# Compression Leggings worth it?



## Engage_mike (Oct 14, 2011)

Hey all,

So I went to my local ski shop and was chatting it up with the owner and he was telling me about compression pants and how it really helped his fatigue level and pretty much made his days on the mountain great.

They are rather expensive but I would say worth it if they truly make a difference on body ware and tear...was he just selling me something or was he speaking the truth. What is your experience?
Thanks in advance!


----------



## hardasacatshead (Aug 21, 2013)

Horse shit. 

Compression pants do fuck all, they can sometimes aid in recovery afterward but they don't provide enough compression to support Miley Cyrus's A cup. 

Don't waste your money. :thumbsup:


----------



## djmisio85 (Jan 22, 2013)

I use compression wear for cycling from Skins. The first time I used it I could feel a massive difference in how tired my legs were and hardly any muscle pain the next day. But I would say the way I cycle is a lot more strenuous than snowboarding (unless you are a racing literally all day long) so you might not really need it for snowboarding. 

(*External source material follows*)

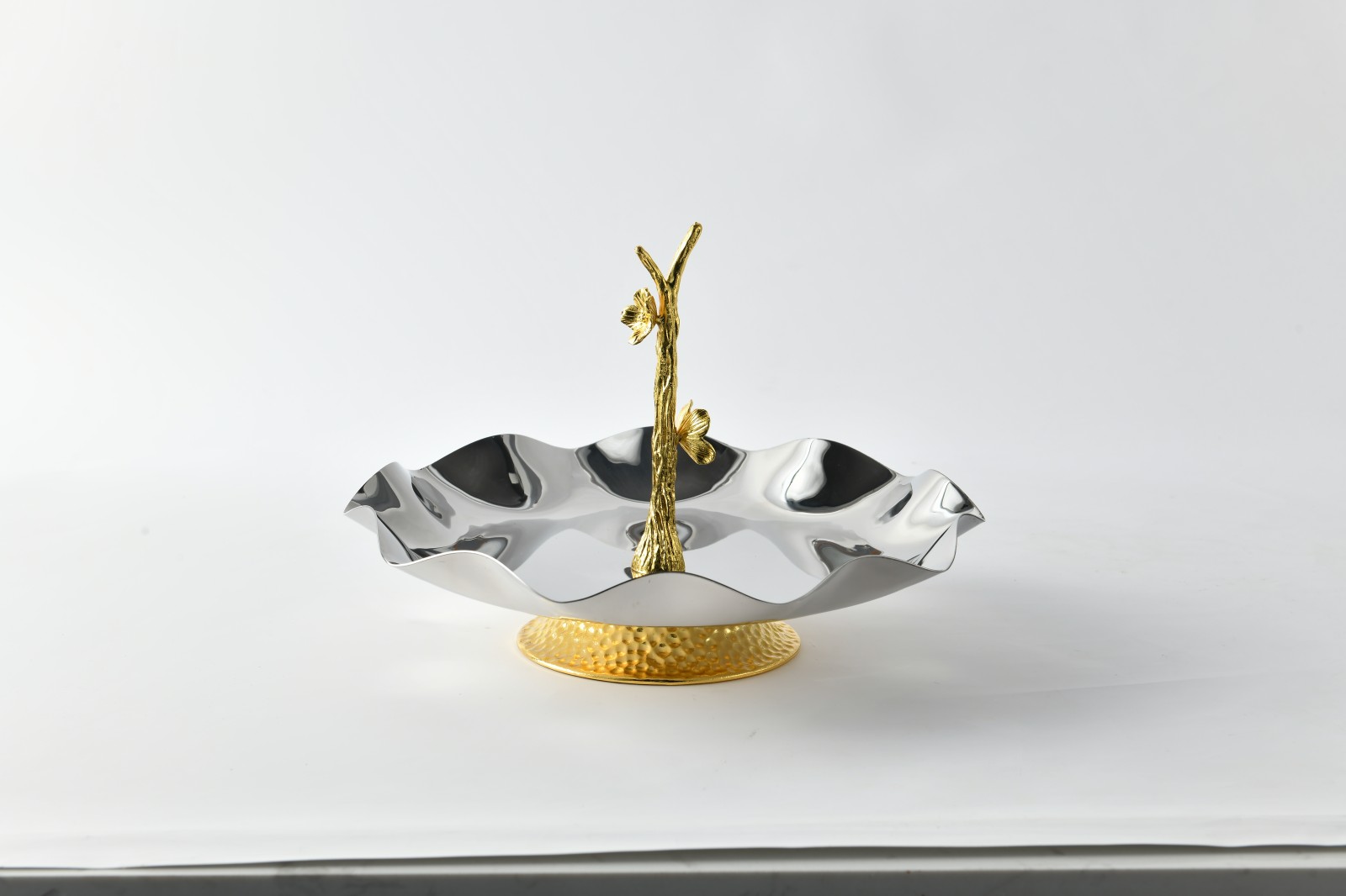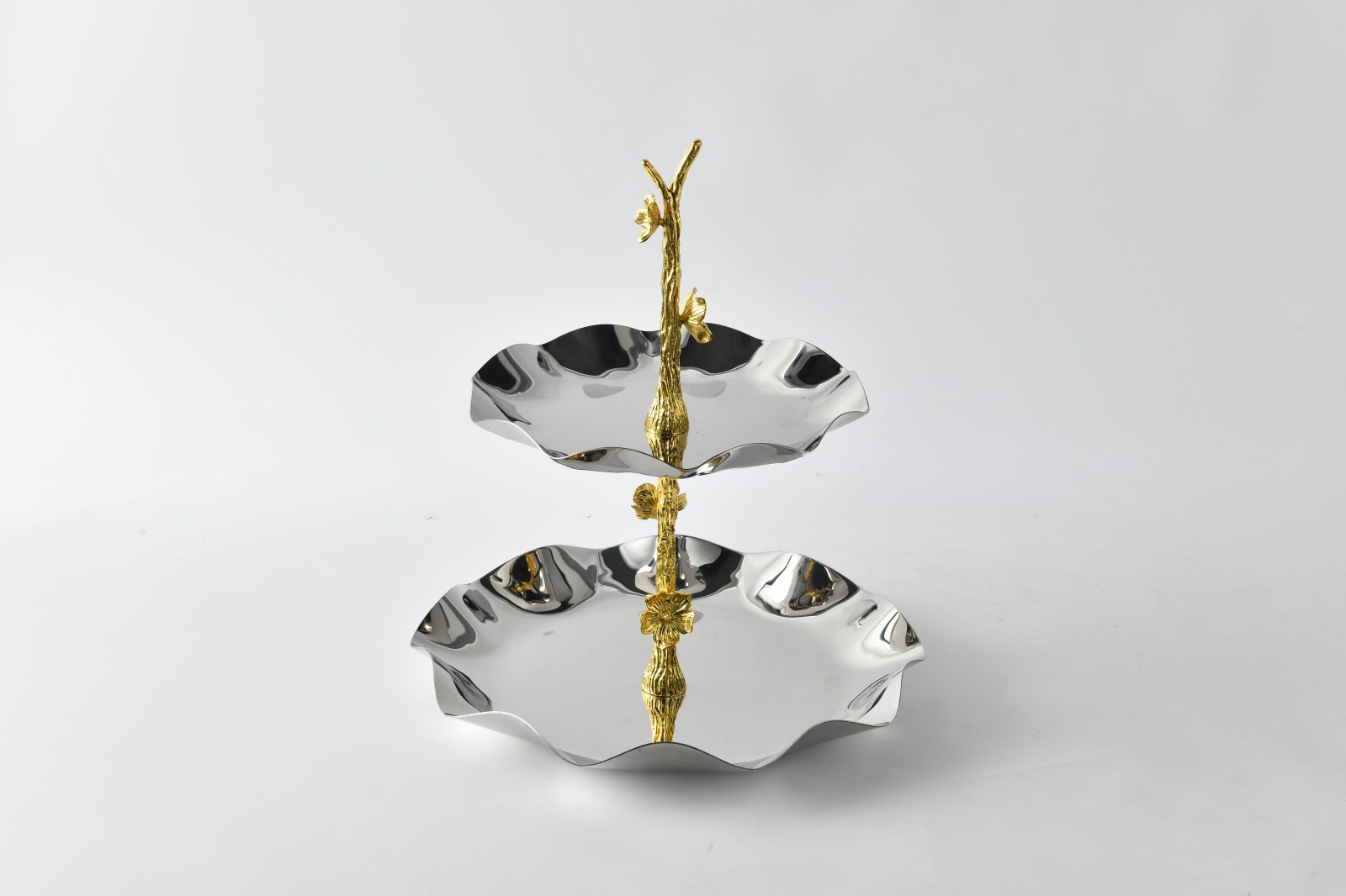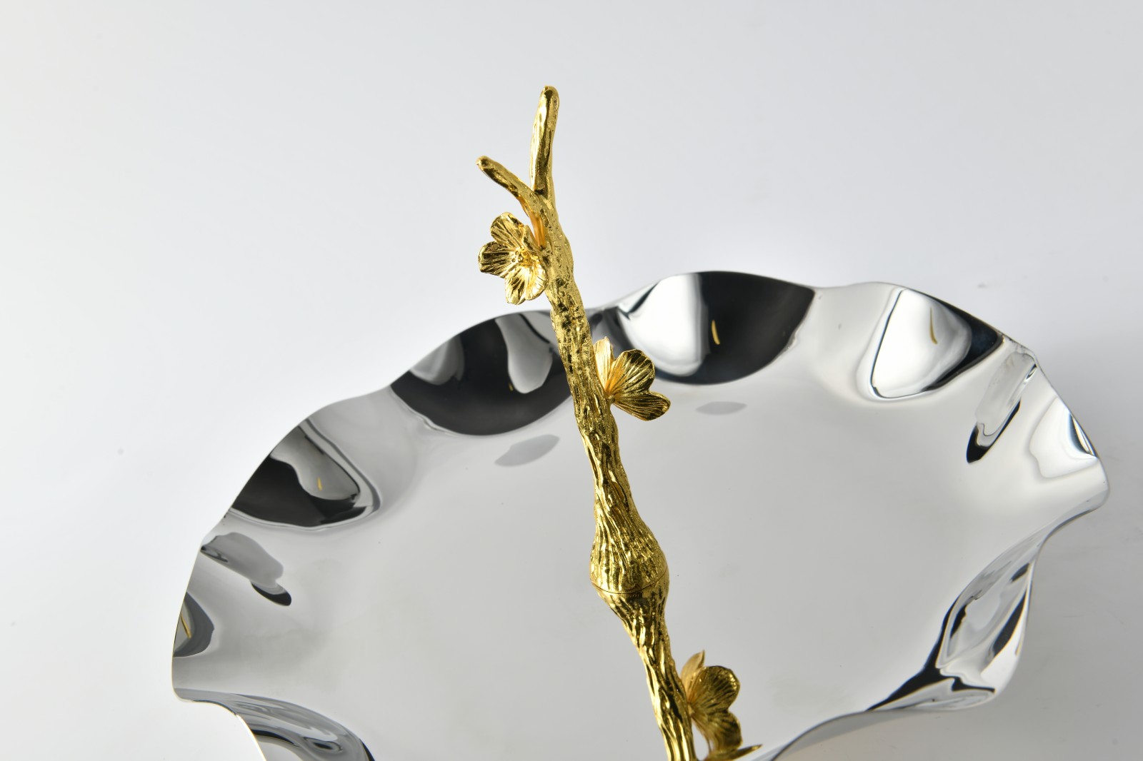 Supported by a golden branch structure and paired with dual silver stainless-steel trays, this two-tier fruit stand redefines the boundary between utility and art.
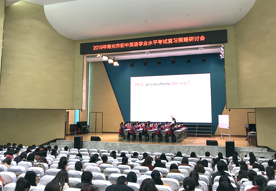 在研讨会上,寿光现代中学东校区张琳老师出示公开课,张琳老师的课堂设计和对学生口语的强化训练赢得了听课老师们的赞誉。世纪学校和建桥学校的英语学科骨干教师分别作经验介绍,给大家介绍了很多值得学习和借鉴的好经验、好做法。寿光市教科研中心英语教研员徐百见主任针对目前在英语教学活动中存在的问题,从思维定式、学科素养、课堂效率、试卷批阅、教学常规等多方面进行了一一评析,提出了整改的要求。同时从人机对话、笔试科目进行了考点分析、考试说明,并重点提出了复习应考的教学策略和复习方向,解答了老师们在教学和复习方面存在的诸多困扰。

It's really important to get the right size, otherwise you won't get the full effect of the compression. I will be using my compression wear this year just as layering, and because I will be doing a lot of 2 day weekend trips, it will also hopefully prevent the usual next-day achiness we all get at the start of the season :laugh:

It is pretty pricey, but if you can afford it and use it a lot, I would say give it a try :thumbsup:


----------



## NT.Thunder (Jan 4, 2020)

djmisio85 said:


> I use compression wear for cycling from Skins. The first time I used it I could feel a massive difference in how tired my legs were and hardly any muscle pain the next day. But I would say the way I cycle is a lot more strenuous than snowboarding (unless you are a racing literally all day long) so you might not really need it for snowboarding.
> 
> It's really important to get the right size, otherwise you won't get the full effect of the compression. *I will be using my compression wear this year just as layering*, and because I will be doing a lot of 2 day weekend trips, it will also hopefully prevent the usual next-day achiness we all get at the start of the season :laugh:
> 
> It is pretty pricey, but if you can afford it and use it a lot, I would say give it a try 👍


I switch between a thermal layer and compression depending on weather


----------



## poser (Mar 7, 2018)

hardasacatshead said:


> Horse shit.
> 
> Compression pants do fuck all, they can sometimes aid in recovery afterward but they don't provide enough compression to support Miley Cyrus's A cup.
> 
> Don't waste your money. 👍


^this.

He’s trying to sell you some shit. Also, if you have weak legs, they will get prematurely fatigued. All of the compression pants in the world won’t circumvent this fact.


----------



## wrathfuldeity (Oct 5, 2007)

poser said:


> ^this.
> 
> He’s trying to sell you some shit. Also, if you have weak legs, they will get prematurely fatigued. All of the compression pants in the world won’t circumvent this fact.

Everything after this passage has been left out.